Bangkok, Thailand, 13 May 2019 - Launched on the eve of the World Hydropower Congress in Paris, Connected and Flowing: A renewable future for rivers, climate and people details the transformations that are already underway and how the world can capitalize on these opportunities to achieve sustainable power systems.

Thanks to the plunging costs of solar power, wind generation and storage technologies – as well as significant advances in energy efficiency and grid management – it is now possible for the world to expand electricity generation to provide power to the billion people who currently lack access, while drastically reducing greenhouse gas emissions, and preserving tens to hundreds of thousands of kilometres of free-flowing rivers.

This is extremely evident in the Greater Mekong region, home to the Irrawaddy, Salween and Mekong Rivers. The Mekong is the world’s most productive freshwater fishery and  delivers vital sediments to the Mekong Delta, a crucial part of Vietnam’s economy and regional food security, and home to 21 million people.

Hydropower has been a primary source of electricity for Mekong countries, but studies show that a continuation of the current hydropower trajectory would cause the loss of nearly half of migratory fish biomass and result in more than half of the delta being underwater by the end of this century.

However, recent studies have shown that low carbon, low cost power systems such as solar and wind can be introduced that do not require dams on the mainstem and the few remaining free flowing major tributaries.

“The Mekong, Irrawaddy and Salween Rivers are critical for the food security, livelihoods and homes of millions of people and are home to iconic species like giant catfish and Irrawaddy dolphins,” said Marc Goichot, Water Lead for WWF-Greater Mekong. “By investing in solar and wind power now, we can provide power and income to those millions of people at a lower overall cost and without the dangerous side effects of large scale dams like the proposed Sambor and Stung Treng dams.”

We can not only envision a future where electricity systems are accessible, affordable and powering economies with a mix of renewable energy, we can now build that future, said Jeff Opperman, WWF Freshwater Scientist and lead author on the report.By accelerating the renewable energy revolution, we can secure a brighter future for people and nature with power systems that are low carbon, low cost and low impact.

With contributions from multiple academics, the report found that accelerating the renewable energy development could prevent nearly 165,000 km of river channels from being fragmented, while still helping to limit global temperatures to below a rise of 1.5⁰ C. Along with tackling climate change, this would help slow the catastrophic decline in freshwater species populations, which have fallen by 83% since 1970.

Mark Lambrides, The Nature Conservancy’s Director of Energy and Infrastructure said:A key recommendation of last week’s landmark global assessment by the Intergovernmental Panel for Biodiversity and Ecosystems Services was for governments to protect and restore river connectivity.

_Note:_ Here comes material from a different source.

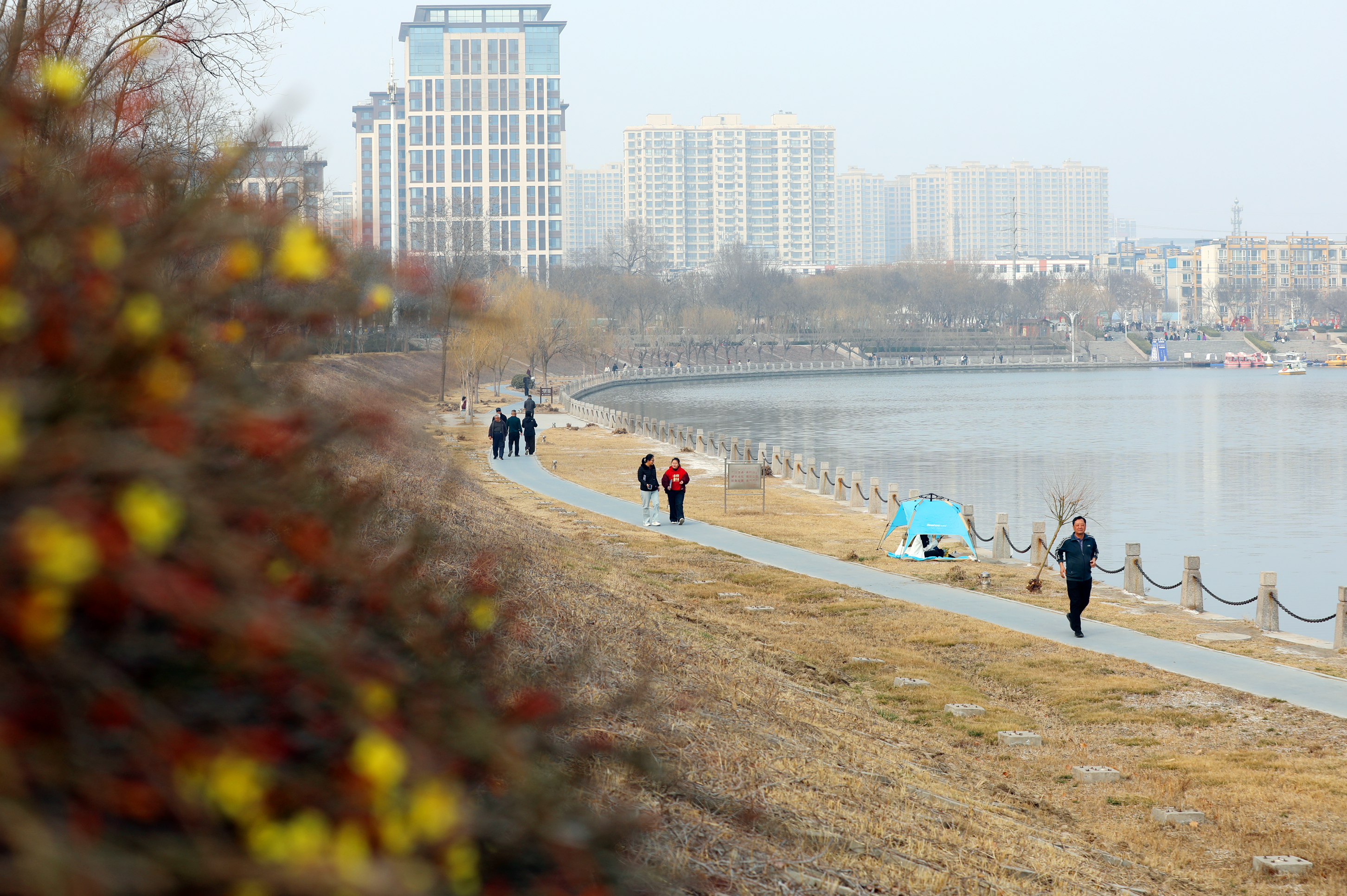 漫步于滏阳河畔,杨柳依依,碧水潺潺,而那丛丛簇簇金黄色的迎春花,宛如大自然精心点缀的璀璨明珠,与悠悠河水相映成趣,共同勾勒出一幅美轮美奂的春日画卷,令人心醉神迷。市民们纷纷走出家门,或是与家人携手相伴,或是约上知心好友,一同漫步在这充满诗意的河畔。他们或停下脚步,静静凝视着娇艳的花朵,沉醉于这美好的春光之中;或轻声交谈,分享着生活的点滴与喜悦。每个人的脸上,都洋溢着幸福与满足的笑容,仿佛这盛开的迎春花,也绽放在了他们的心田。
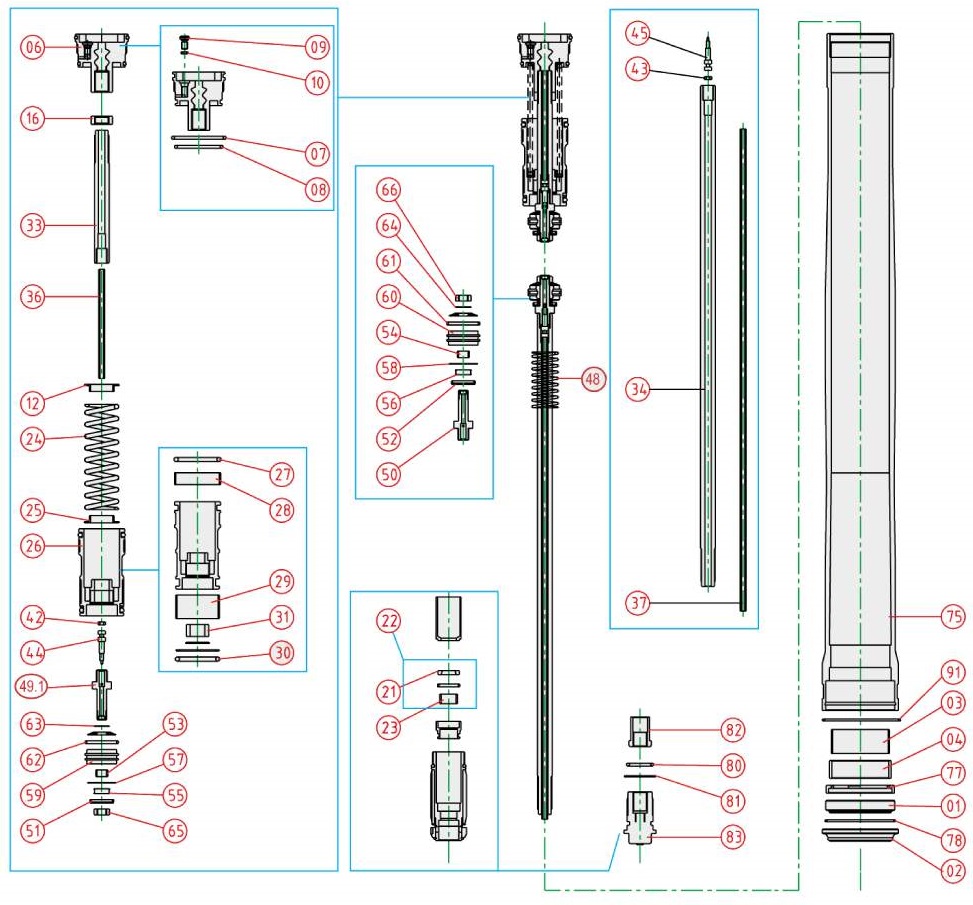 Ricambi forcella Kawasaki KX 125 (2004-2008) - Cilindro cartuccia [22]

Here we show how, for the first time, the renewable energy revolution offers an opportunity to plan for the right mix of renewable sources in power systems, while avoiding fragmenting rivers, potentially displacing communities and contributing to the loss of freshwater fisheries that feed millions.

The report comes days after a global study published in Nature revealed that just 37% of the world’s longest rivers remain free-flowing, with dams and reservoirs the leading cause of this connectivity loss.

While massive renewable energy development will not signal an end to hydropower development, it does herald a significant reduction in new dams and a shift towards low-impact projects, which support the expansion of solar and wind – such as retrofitting existing hydropower dams, adding turbines to non-powered dams, and off channel pumped storage.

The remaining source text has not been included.